▶ Task instructions: Starting with the line that contains "周五早盘,WTI原油维持前日" and ending with the last line of the listing, print each line exactly. Pictures stay out.

'''

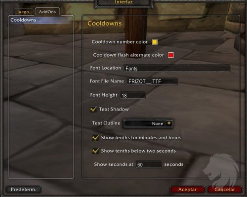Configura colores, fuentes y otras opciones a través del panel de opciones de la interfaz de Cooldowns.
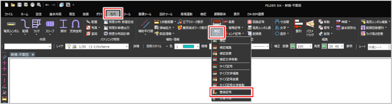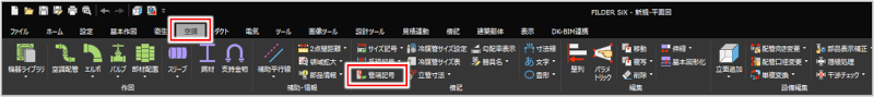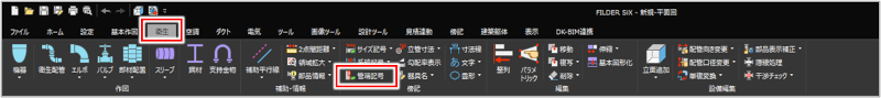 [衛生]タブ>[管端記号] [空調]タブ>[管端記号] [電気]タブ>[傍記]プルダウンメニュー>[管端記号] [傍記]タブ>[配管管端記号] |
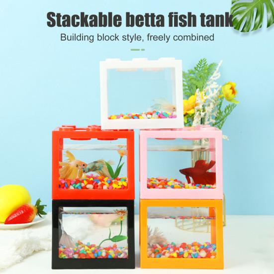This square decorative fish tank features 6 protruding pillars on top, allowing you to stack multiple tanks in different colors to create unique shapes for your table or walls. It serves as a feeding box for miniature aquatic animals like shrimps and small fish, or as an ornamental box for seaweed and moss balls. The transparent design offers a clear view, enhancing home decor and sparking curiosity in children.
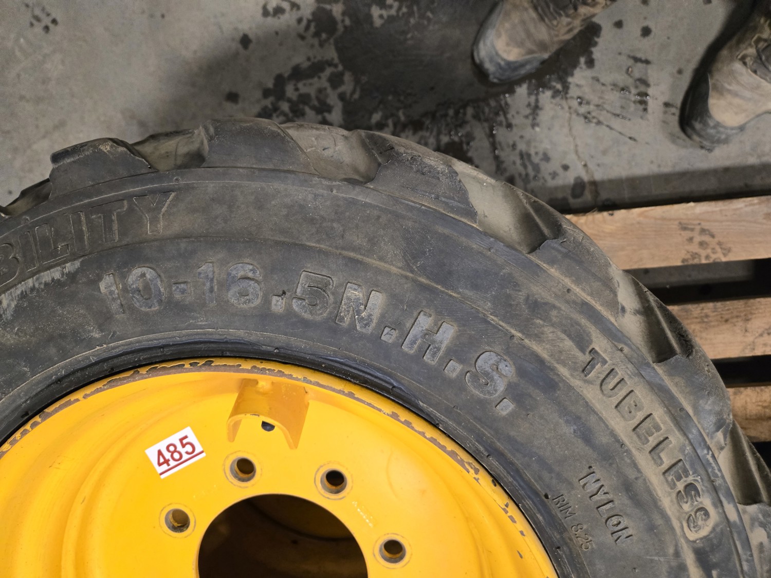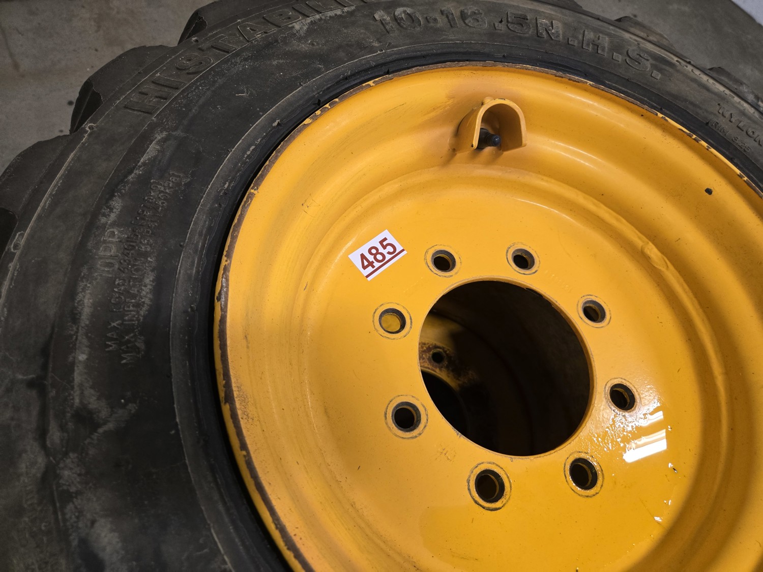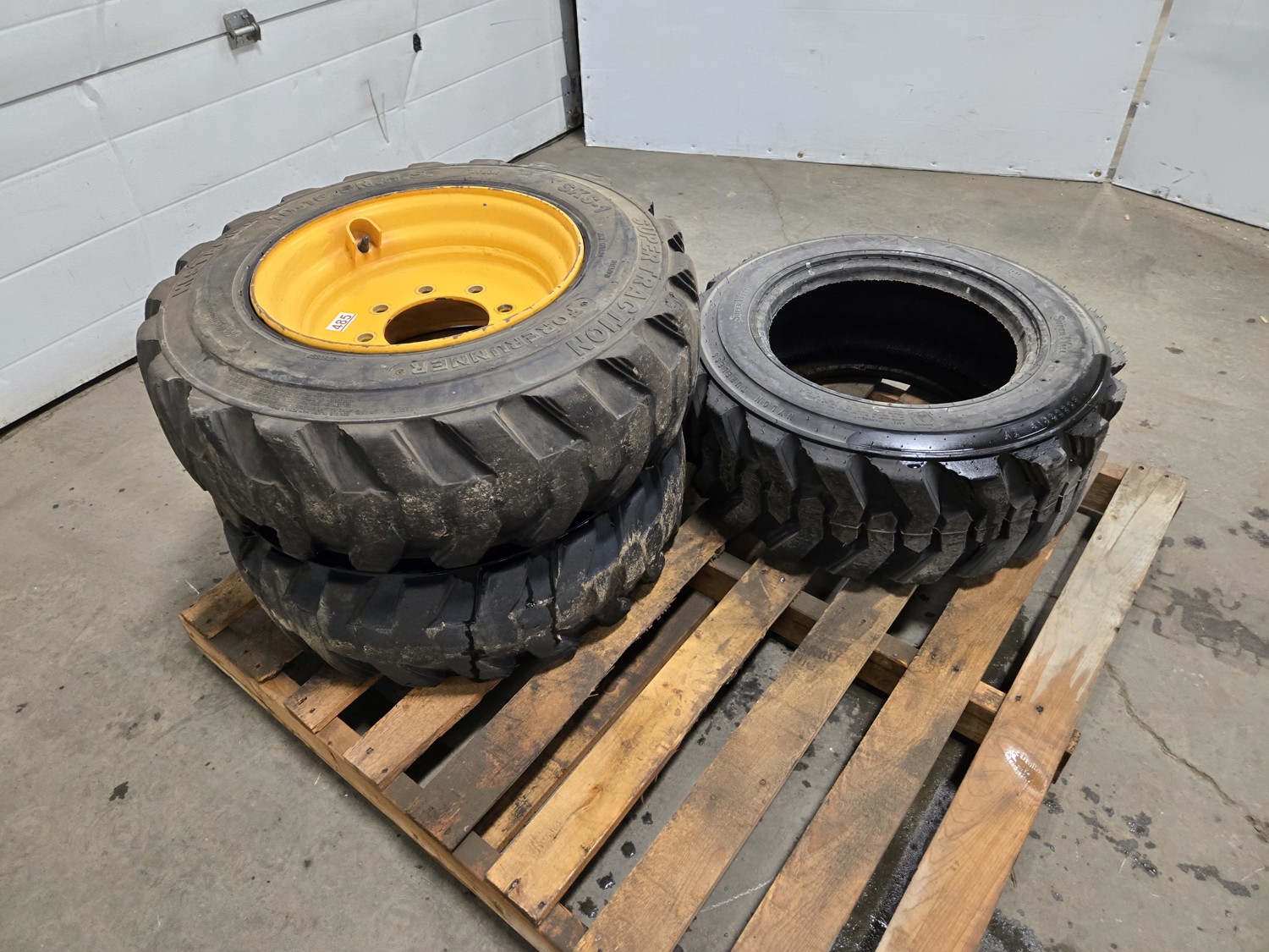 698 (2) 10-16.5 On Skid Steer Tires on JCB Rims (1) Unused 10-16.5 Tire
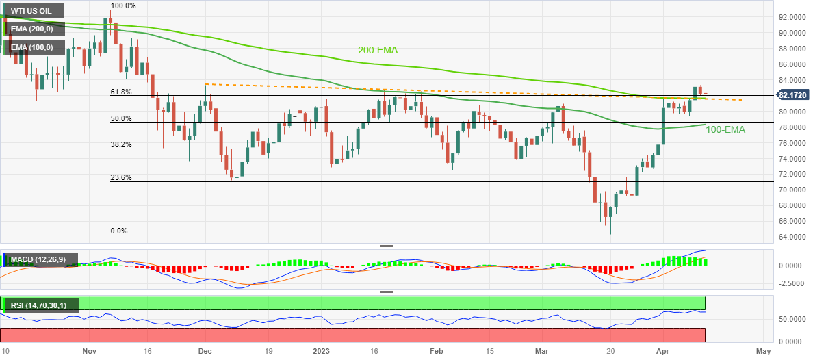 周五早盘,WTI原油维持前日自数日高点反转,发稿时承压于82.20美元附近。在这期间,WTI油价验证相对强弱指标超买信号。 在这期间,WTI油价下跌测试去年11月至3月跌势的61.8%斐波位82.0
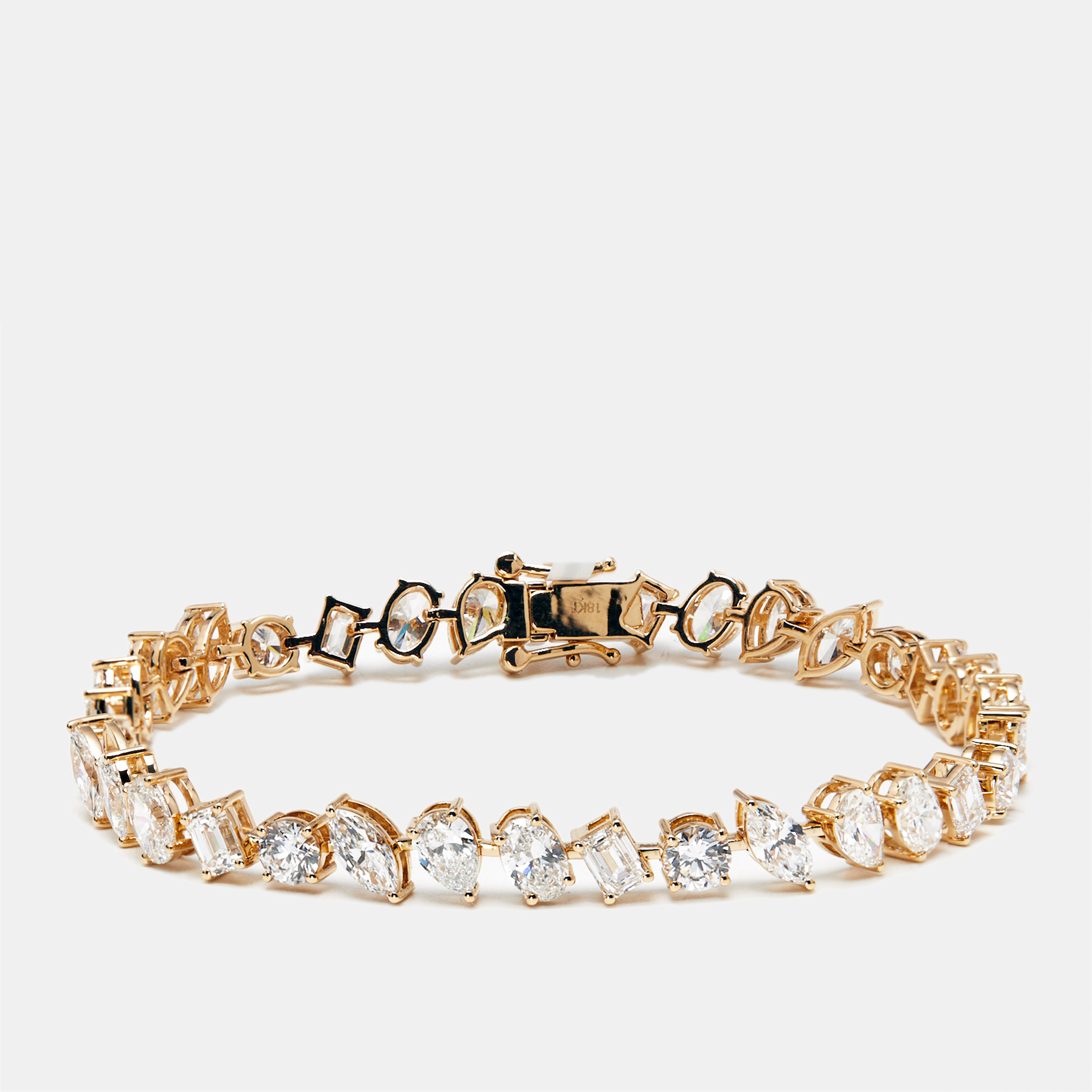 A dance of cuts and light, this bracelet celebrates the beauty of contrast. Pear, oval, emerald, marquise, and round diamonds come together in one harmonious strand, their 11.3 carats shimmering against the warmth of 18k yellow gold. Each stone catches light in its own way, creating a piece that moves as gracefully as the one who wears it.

'''

▶ Result of this task:
 周五早盘,WTI原油维持前日自数日高点反转,发稿时承压于82.20美元附近。在这期间,WTI油价验证相对强弱指标超买信号。 在这期间,WTI油价下跌测试去年11月至3月跌势的61.8%斐波位82.0
 A dance of cuts and light, this bracelet celebrates the beauty of contrast. Pear, oval, emerald, marquise, and round diamonds come together in one harmonious strand, their 11.3 carats shimmering against the warmth of 18k yellow gold. Each stone catches light in its own way, creating a piece that moves as gracefully as the one who wears it.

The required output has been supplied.